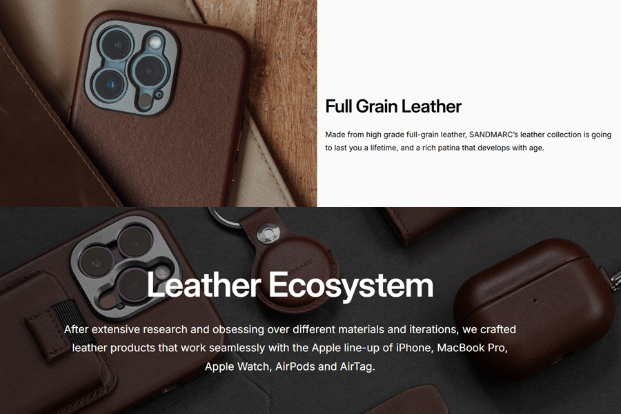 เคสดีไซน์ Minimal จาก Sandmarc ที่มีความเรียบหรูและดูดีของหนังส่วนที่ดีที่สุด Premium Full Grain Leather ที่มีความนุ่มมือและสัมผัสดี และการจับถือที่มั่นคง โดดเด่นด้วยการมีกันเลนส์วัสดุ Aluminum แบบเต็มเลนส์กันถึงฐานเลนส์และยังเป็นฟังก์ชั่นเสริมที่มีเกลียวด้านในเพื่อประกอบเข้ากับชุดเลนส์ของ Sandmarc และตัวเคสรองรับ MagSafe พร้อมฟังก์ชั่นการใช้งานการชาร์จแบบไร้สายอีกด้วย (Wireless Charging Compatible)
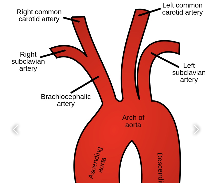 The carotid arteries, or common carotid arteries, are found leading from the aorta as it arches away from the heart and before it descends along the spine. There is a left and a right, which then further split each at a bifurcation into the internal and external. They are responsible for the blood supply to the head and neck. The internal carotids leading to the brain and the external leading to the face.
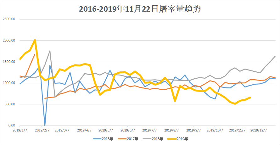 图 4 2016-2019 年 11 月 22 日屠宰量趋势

-=-=-

• **Instructions for the task**: Omitting the pictures, write out the material above exactly as it stands.

• **Answer**:
 เคสดีไซน์ Minimal จาก Sandmarc ที่มีความเรียบหรูและดูดีของหนังส่วนที่ดีที่สุด Premium Full Grain Leather ที่มีความนุ่มมือและสัมผัสดี และการจับถือที่มั่นคง โดดเด่นด้วยการมีกันเลนส์วัสดุ Aluminum แบบเต็มเลนส์กันถึงฐานเลนส์และยังเป็นฟังก์ชั่นเสริมที่มีเกลียวด้านในเพื่อประกอบเข้ากับชุดเลนส์ของ Sandmarc และตัวเคสรองรับ MagSafe พร้อมฟังก์ชั่นการใช้งานการชาร์จแบบไร้สายอีกด้วย (Wireless Charging Compatible)
 The carotid arteries, or common carotid arteries, are found leading from the aorta as it arches away from the heart and before it descends along the spine. There is a left and a right, which then further split each at a bifurcation into the internal and external. They are responsible for the blood supply to the head and neck. The internal carotids leading to the brain and the external leading to the face.
 图 4 2016-2019 年 11 月 22 日屠宰量趋势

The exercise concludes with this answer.